How to complete this task
Strip out the pictures and output each remaining line of the data word for word.

Provided data
------------
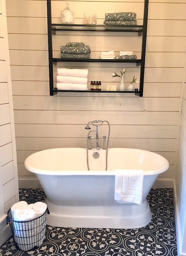 Look at that dreamy tub and black and white cement tile. I loved everything about this bathroom! We are doing black and white cement tile in our guest bathroom and I can’t wait:)
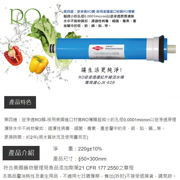 晶工RO逆滲透膜濾心 JK-526 (適用晶工PW3620/Jk-237淨水器)
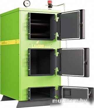 | Информация | - Котел Lavoro ECO серии K - это стальной водогрейный котел c дожигом пиролизного газа, предназначен для отопления помещений, оборудованных системами водяного отопления с естественной или принудительной циркуляцией, и горячего водоснабжения (ГВС). - Основным видом топлива данных котлов являются дрова и различные виды топливных брикетов, резервный вид топлива уголь. - Сталь топки 09Г2С, толщиной от 5 мм. |
------------
Reply
 Look at that dreamy tub and black and white cement tile. I loved everything about this bathroom! We are doing black and white cement tile in our guest bathroom and I can’t wait:)
 晶工RO逆滲透膜濾心 JK-526 (適用晶工PW3620/Jk-237淨水器)
 | Информация | - Котел Lavoro ECO серии K - это стальной водогрейный котел c дожигом пиролизного газа, предназначен для отопления помещений, оборудованных системами водяного отопления с естественной или принудительной циркуляцией, и горячего водоснабжения (ГВС). - Основным видом топлива данных котлов являются дрова и различные виды топливных брикетов, резервный вид топлива уголь. - Сталь топки 09Г2С, толщиной от 5 мм. |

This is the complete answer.